Many weeks ago I posted a note about problems with our Fujitsu M226XSA
disks on a Sparc 1000 system. The general problem was that we would errors
of the form:
>polled command timeout
>esp: State=CLEARING Last State=CLEARING
>esp: Latched stat=0x97<IPND,XZERO,MSG,CD,IO> intr=0x8<FCMP> fifo 0x80
>esp: last msg out: <unknown msg>; last msg in: COMMAND COMPLETE
>esp: DMA csr=0x40040010<INTEN>
>esp: addr=fc00102a dmacnt=0 last=fc001028 last_cnt=1000
>esp: Cmd dump for Target 3 Lun 0:
>esp: cdblen=6, cdb=[ 0x8 0x10 0xcc 0xf0 0x10 0x0 ]; Status=0x0
>esp: pkt_state=0x1b<STS,XFER,SEL,ARB> pkt_flags=0x0 pkt_statistics=0x3
>esp: cmd_flags=0x10422 cmd_timeout=0
>WARNING: /io-unit@f,e0200000/sbi@0,0/dma@1,81000/esp@1,80000 (esp1):
>Connected command timeout for Target 0.0
>SCSI transport failed: reason 'reset': retrying command
I got many responses telling me that it would not work. I was too bullheaded
to listen to those responses. I got several copies of the Sun whitepaper on
SCSI. I got copies of the FAQ, and copies of several SCSI related problems.

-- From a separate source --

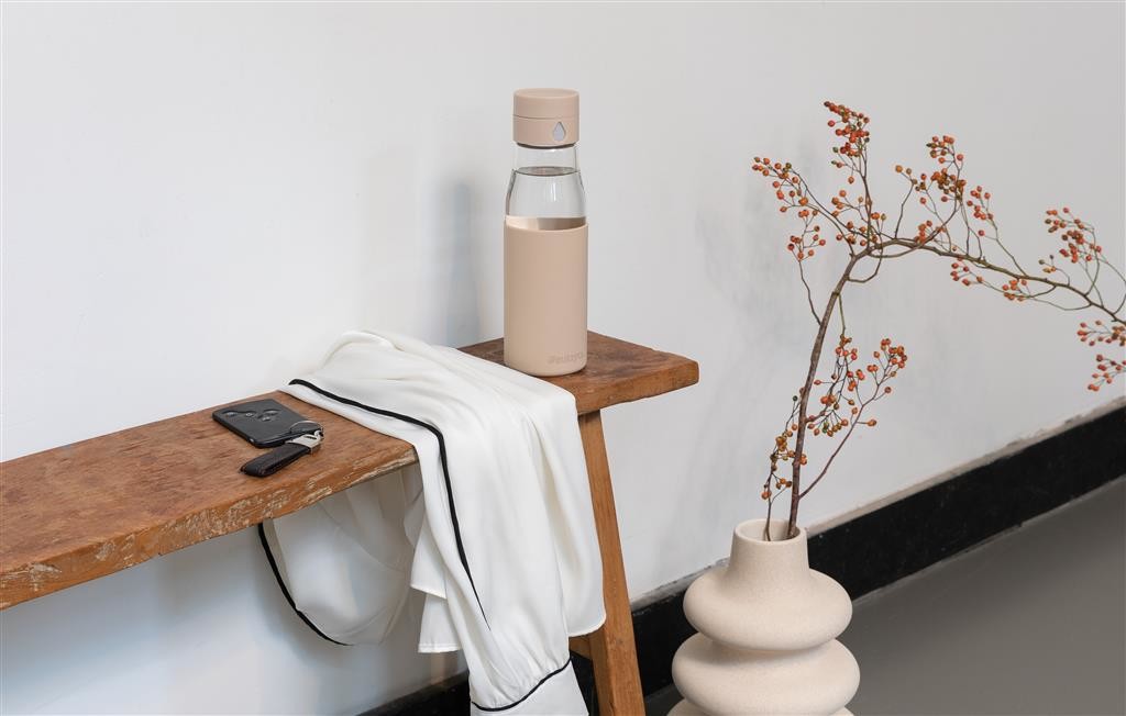 Sledujte svoj každodenný pitný režim s touto múdro navrhnutou, nepriepustnou, sklenenou fľašou na vodu z kolekcie Ukiyo. Viečko po každom naplnení fľaše a manuálnym otočením viečka značí väčšiu kvapku vody, čím tak nestratíte prehľad o vypitom množstve vody. Telo fľaše je vhodné do umývačky riadu. Objem 600 ml.
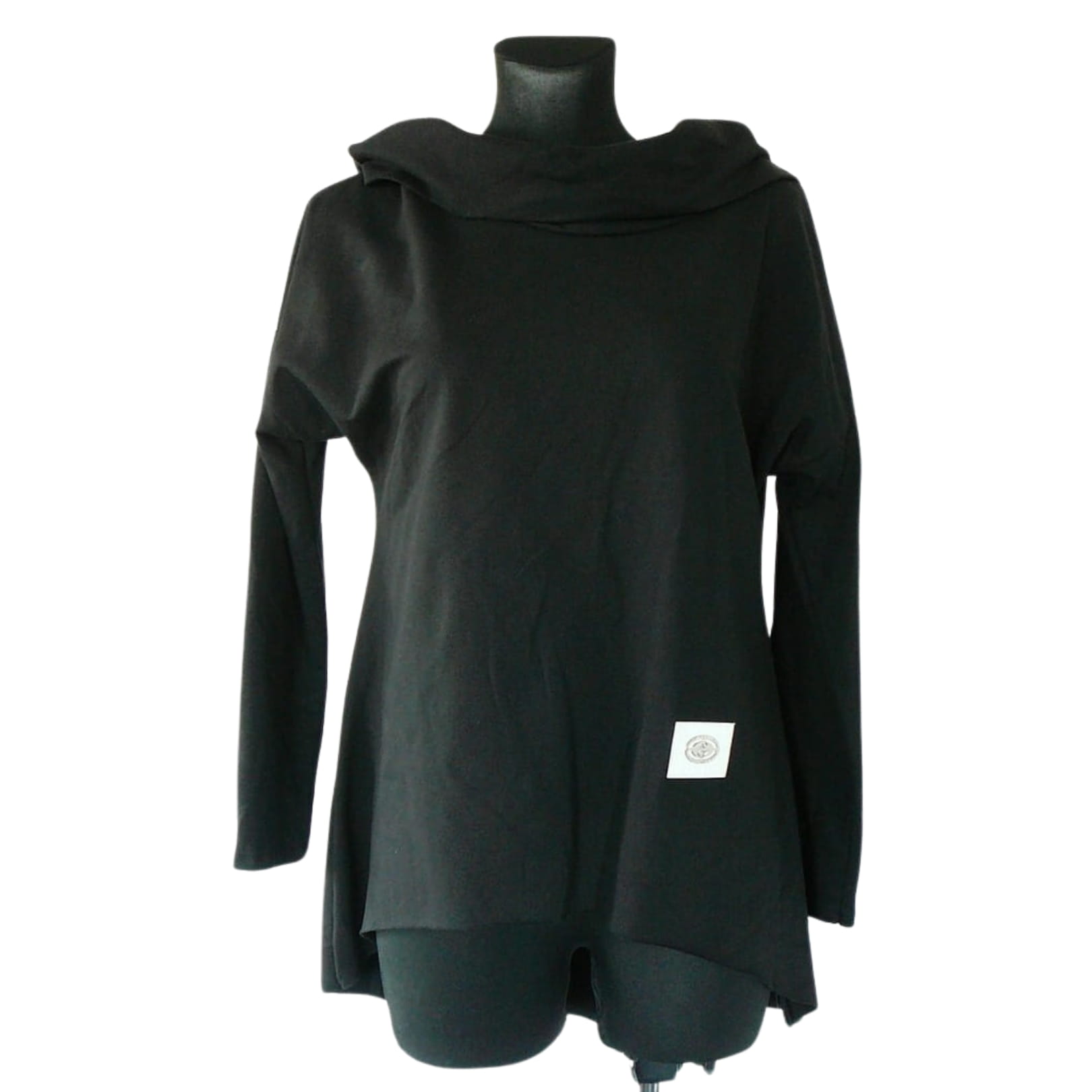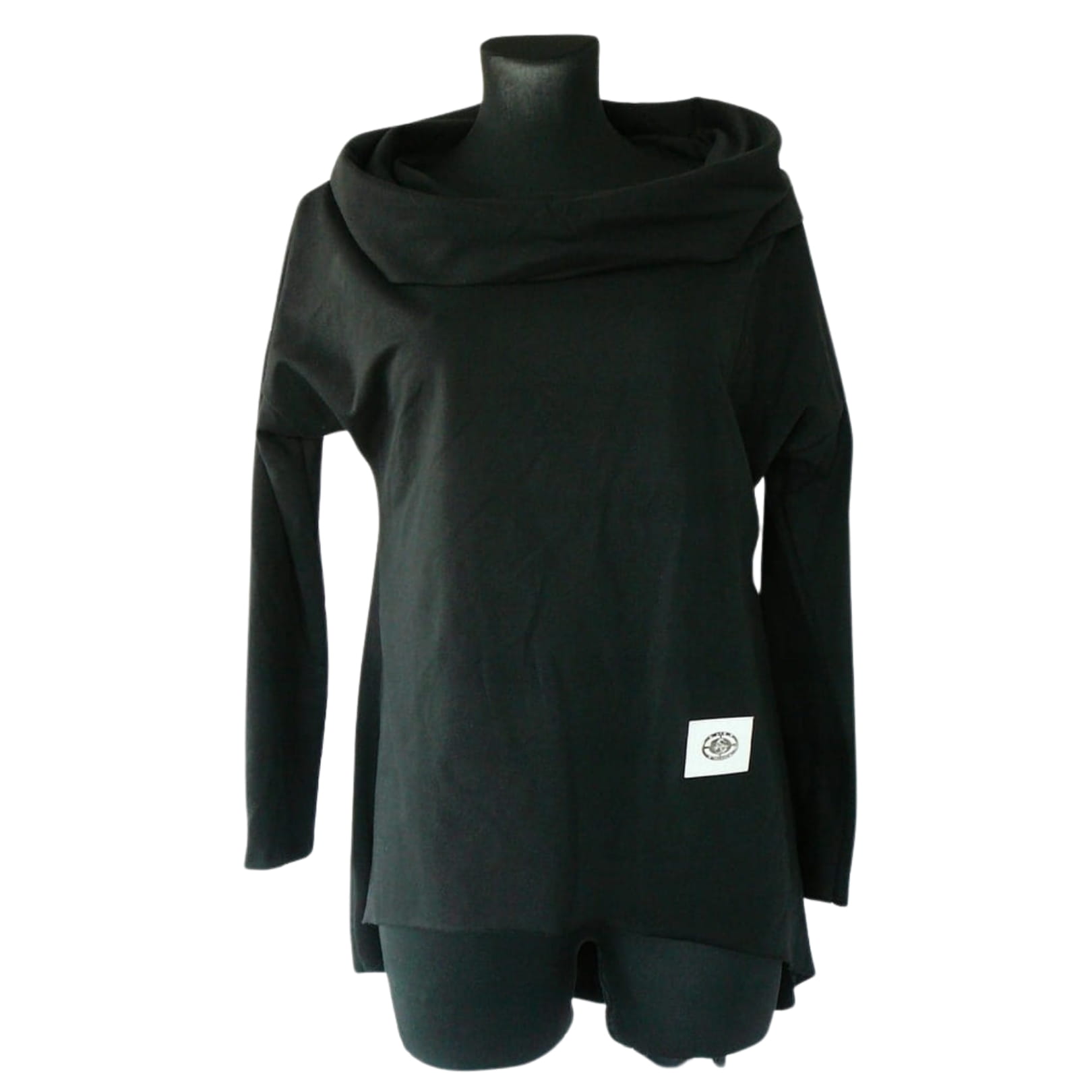 Luźna czarna włoska damska bluza z szerokim golfem kapturem, z długim rękawem - r. uniwersalny

I also got many responses telling me to set the /etc/system file to disable
{synchronous, tagged queuing, ...}. Either the "proposed" solutions did not
work, or they were deemed unacceptable for other reasons.
Finally one respondent gave us a clue. "Adam W. Feigin" <awf@iis.ee.ethz.ch>
informed me of a patch that may take care of the problem (it didn't, but the
pointer he provided proved to be key in solving the problem). After another
round of testing to determine that the problem happened on the FSBE board, we
went through the Sun patch database and found some interesting entries (all
generated by Sun personnel). The entries are included below.
The final result was that Sun asked us to install patch ID #101378-09. The
patch got rid of the problem for us. We can now run our "old slow" SCSI
disks on the SS1000 systems without problems.
Thanks to Adam W. Feigin for his assistance.
--curt
Curt Freeland
Manager, Systems Engineering
Purdue University Engineering Computer Network
(curt@ecn.purdue.edu) (317) 494-3715(voice) / (317) 494-6440(fax)
===========================================================================
Bug Id: 1132229
Category: kernel
Subcategory: driver
Release summary: s1093_alpha2.0, s1093_alpha1.0
Synopsis: esp: stacked cmds fail on LX with FAS101 chip and slow conner 200MB
drive
Integrated in releases: s1093_alpha2.3
Patch id:
Description:
The esp chip has a feature, cmd stacking, which allows two commands to be
issued
which reduces the number of interrupts per request. This works reliably on
FAS236
and older esp's but not on FAS101. The chip fails to interrupt when the target
has
disconnected from the bus. This causes a timeout condition:
WARNING: /iommu@0,10000000/sbus@0,10001000/espdma@4,8400000/esp@4,8800000
(esp0):
(esp0):
Connected command timeout for Target 3.0
WARNING: esp: State=CLEARING (0x8), Last State=CLEARING (0x8)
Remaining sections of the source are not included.